Nirgendwo wurde die Einführung des Euro in der Slowakei so aufmerksam verfolgt wie in Tschechien. Kein Wunder, beide Volkswirtschaften waren bis 1992 in der gemeinsamen Tschechoslowakei verbunden. Wie die Kommentare auch ausfielen, in einem herrschte Einigkeit. „Die Entwicklung in der Slowakei kann zum Muster werden, wie eine Euro-Einführung in Tschechien wirken würde.“ Das waren ganz neue Töne. Denn bis zu diesem Zeitpunkt war es eher Tschechien, das von westlichen Investitionsberatern stärker empfohlen wurde.

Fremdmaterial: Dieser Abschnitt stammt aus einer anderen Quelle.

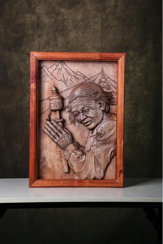 《門神》、《福滿門》這是劍川木雕在繼承傳統(tǒng)基礎(chǔ)上,對傳統(tǒng)的一種大膽嘗試性的發(fā)揚創(chuàng)作。這些作品的特點是,既保留了嫻熟的傳統(tǒng)木雕技藝,只是通過巧妙的組合,在現(xiàn)成的古老大門上雕出“門神”或用舊門框作為木雕作品的邊框,從而產(chǎn)生一種新的意趣,這種創(chuàng)意很適合當(dāng)下都市的審美要求,也是劍川木雕未來發(fā)展中很值得提倡的新思路。木雕復(fù)制《張勝溫畫卷》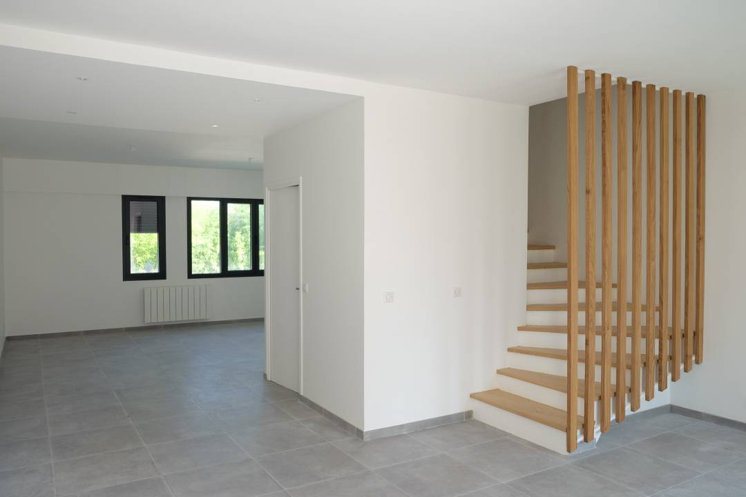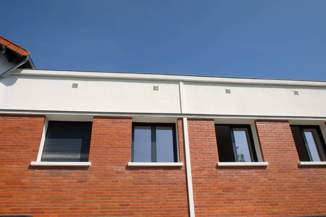 Transformer un immeuble de bureaux et commerce au rdc en deux maisons mitoyennes. Pour assurer l'intimité des logements, une clôture a été créée alignée à la rue afin d'offrir à chaque logement un petit jardin à l'avant. L'intention architecturale était de conserver l'esthétique générale de l'immeuble - à savoir la brique en façade et les lignes horizontales - tout en donnant à l'ensemble un caractère plus contemporain.
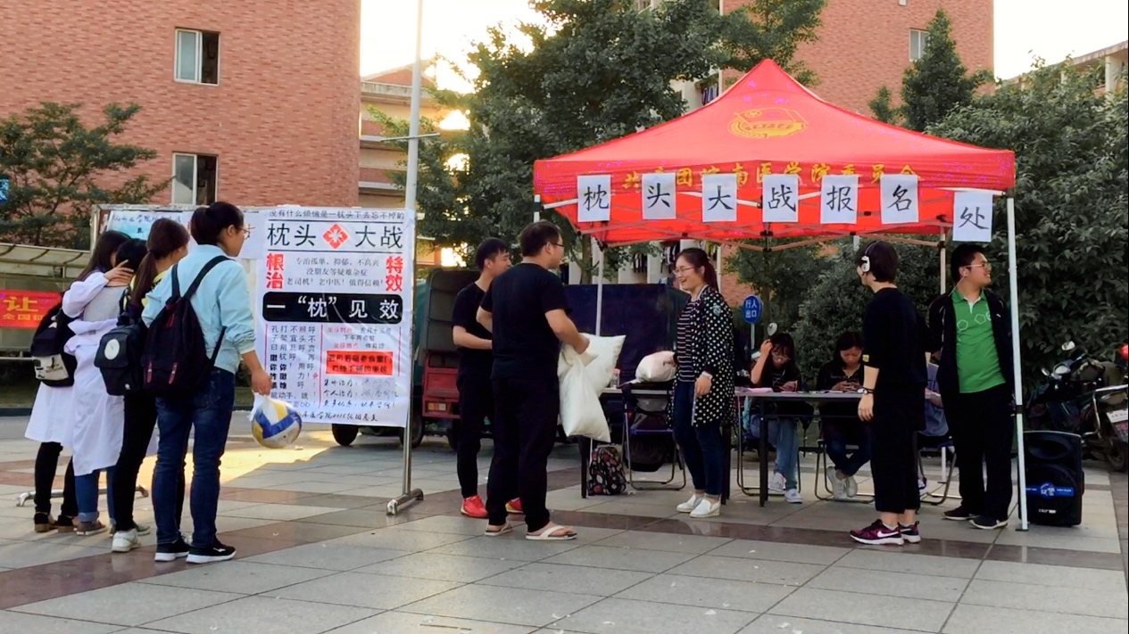 5月9日中午,利来国际2015级员工会成员在老食堂门口组织进行了“枕头大战”线下报名活动,同时运用年级新媒体平台优势,线上QQ,微信,微博,多维度展开宣传,拉开了“枕头大战”活动的序幕。当天,报名现场气氛活跃,来自14个专业的200余位同学报名参加活动,活动参与面覆盖到公司的各个公司、年级。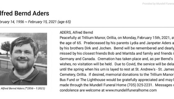 Trauer um Herrn Bernd Aders, einen großen Gönner unserer Ev. Kirchengemeinde In Kanada verstarb am 15. Februar, kurz nach seinem 65. Geburtstag,Herr Bernd Aders. Er stammte aus Dillenburg und war […]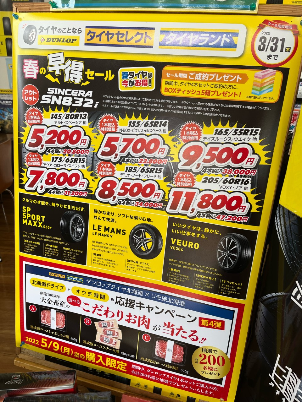 セール期間中に、タイヤ4本セットご成約の方に!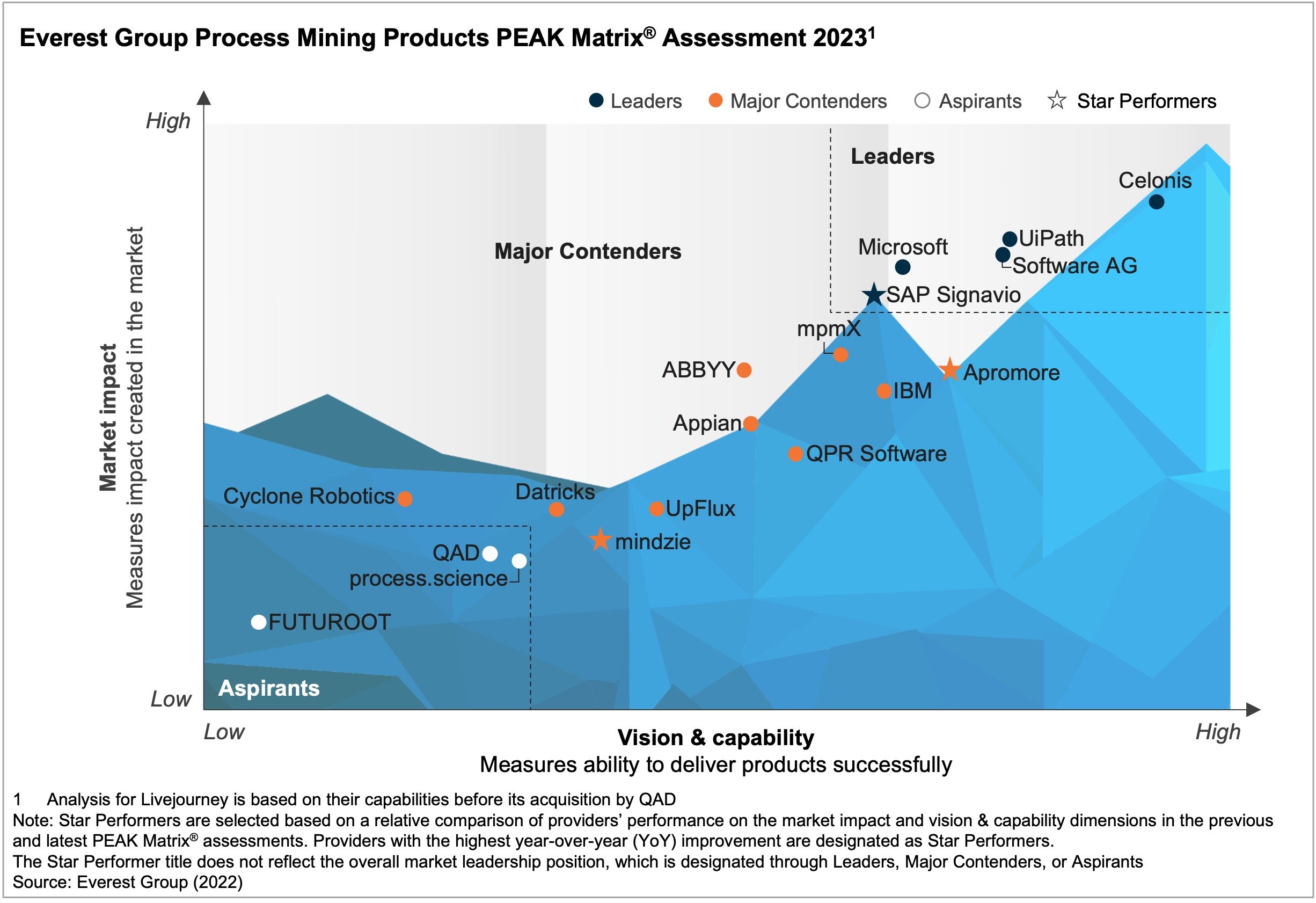 In this report, we examine 18 process mining technology providers and position them on Everest Group’s PEAK Matrix®, categorizing them as Leaders, Major Contenders, and Aspirants based on their capabilities and offerings. The research will help buyers select the right-fit technology providers for their needs and enable providers to benchmark themselves against the competition.

Als die Tschechoslowakei 1948 zur Tschechoslowakischen Sozialistischen Republik (CSSR) wurde, war Böhmen und Mähren stärker industrialisiert als die vorher eher landwirtschaftlich ausgerichtete Slowakei. Nach den 1950er Jahren baute man dort vor allem Maschinenbau-, Stahl-, Chemie- und Rüstungsbetriebe auf, damit sich die Unterschiede im industriellen Bereich ausgleichen. Im Gegenzug flossen beachtliche Investitionen aus der Slowakei in die gemeinsame Hauptstadt Prag.„Im Sozialismus ist etwas gelungen, was nicht einmal in Italien geklappt hat: dass beide Volkswirtschaften angeglichen wurden“, erinnert sich der Wirtschaftsprofessor Jan Svejnar.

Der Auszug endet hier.